Begumpur Masjid is falling down, falling down (and no one gives a shit)

Most of India is a little spoilt when it comes to history. After all, we have so much of it, we can afford to be slightly blase about it. History is the building that crumbles while a goat herder walks his flock through an ancient building where a nobleman rests. History is an inconvenience for when you need to jam the five cars your three member family needs into a small space and you can't drive up the stone stairs, worn smooth by years of ancient passage. The only history we seem to respect is the one where gods lived, and for the most part, only Hindu gods.

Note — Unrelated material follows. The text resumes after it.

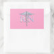 Sticker Rectangulaire Infirmière inscrite Silver Caduceus Décor rose cla

I'm speaking from real life here, because in the park bordering the colony I live in is an ancient mosque, dating back from the fourteenth century, which is used alternatively as a place to drink, a place to go to the bathroom and a place where the walls—in pretty good shape for one so old, are collapsing in on themselves, their foundation worn by the village next door, crowding in closer and closer.



The Begumpur Masjid is not one I knew about before I moved into this new place. I knew it vaguely existed, but like many other people living in this continuously occupied city, I was more aware of the “big ones”-- the Qutub Minar, Humayun's Tomb, Lodhi Gardens. Places taken over and turned into tourist attractions with huge lawns and a ticket counter and guides to take you round and explain things to you. (Well, except Lodhi Gardens, but that is, I think, Delhi's biggest park and also adjoins some of Delhi's richest neighbourhoods, and so it's kept clean and green and beautiful.) One of the things I love about Delhi is how you can constantly be surprised by history—it's there on a street corner, or looming up right after the next traffic light, and the Begumpur Masjid is an example of that, sitting as it does at the end of a nice park. I went for a walk there as soon as I was settled in, but the more I walked around, the sadder I got.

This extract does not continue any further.